We partnered with Navy [for their rivalry game]. It’s Army-Navy; it’s the game. The Navy is our fleet. They patrol our waters and keep us free. We thought it would be really special to celebrate the Navy fleet and show the power that takes our forces around the world. 

All of the helmets are hand painted by a local artist who I met back in 1999. I play ice hockey. I met him and he painted my goalie mask. We stayed in touch and decided that we can take the art of painting hockey masks to the football field. He’s done some amazing things for us. 
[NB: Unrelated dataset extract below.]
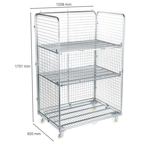 | Varenavn | Rullecontainer tresidig – 2 hyller – kapasitet 600 kg, Kapasitet: 600 kg, Totalhøyde: 1751 mm |

The Navy designs are some of the most detailed we have worked on. The helmets are specific by position and correlate to what the actual position/player does. They are all hand painted so the process takes much, much longer. There has to be room for the artist’s interpretation because there’s no way to paint everything to scale, and the helmet process follows different patterns. The aircraft carrier is the most detailed helmet and will be worn by the QB. The navy ships specifically were very time sensitive. The submarine was a lot faster to paint than the aircraft carrier. 

We went through a rigorous testing process, from the type of paint that goes onto the helmet to the layers of paint. It’s down to the millimeter. [Once it’s painted,] an all over graphic goes on the helmet. The wrap is actually more delicate than the paint. 

navy midshipmen under armour fleet helmets

[Generally,] the uniform process takes about 18 months. We already know what our team’s uniforms will look like in 2016 and we’re just about to start on 2017 designs. We don’t just do something because it’s cool or it’s a trend. If you do that, you look back on it in three years or 10 years and wonder why the team wore what they wore. Everything we do has a story built around it – whether it’s a story about the university, something historic, for a special cause or game. It relates to something more important than us just creating artwork. It’s hard because when you create art it’s entirely subjective. Our goal isn’t to make people love the art. Our job is to help people appreciate the story. 

Most of the time players aren’t involved in the process because it’s supposed to feel special for them. A lot of schools use it as an extra bit of motivation. We’ll work with players to get feedback on fit and performance – the fabric, things that make the uniform function and work better – but in terms of the actual visual, often times we keep it as a surprise for the players. 

We also don’t work with that many schools because we want to add a lot of flavor and personal touches. Before we ever put pen to paper, we have conversations with the schools to see what story they want to tell. It allows our design team to come up with different concepts, sketches, and storytelling. We present that to the school and they have the chance to give us their feedback. We make changes based on their feedback because ultimately it’s up to the school. 

Growing up, I always used to draw uniforms for fun. I would sketch a baseball stadium and then create an imaginary team that would play in my designs. I had a whole book of teams and uniforms for every possible sport. 

After I graduated from college I was working for a company doing graphic design when we started working on a logo project for a university. The project ultimately fell through, but something important happened: I started drawing uniforms again – this time on a computer. I applied for a job at Under Armour, and during my interview I realized I was a little underqualified for the job. Fortunately, the people interviewing me saw that I was passionate and hired me. The plan was to eventually find me a role in their uniform process.  

On my third day, we signed an all-school contract with Auburn University. My dream came true way earlier than anyone expected and the rest, as they say, is history.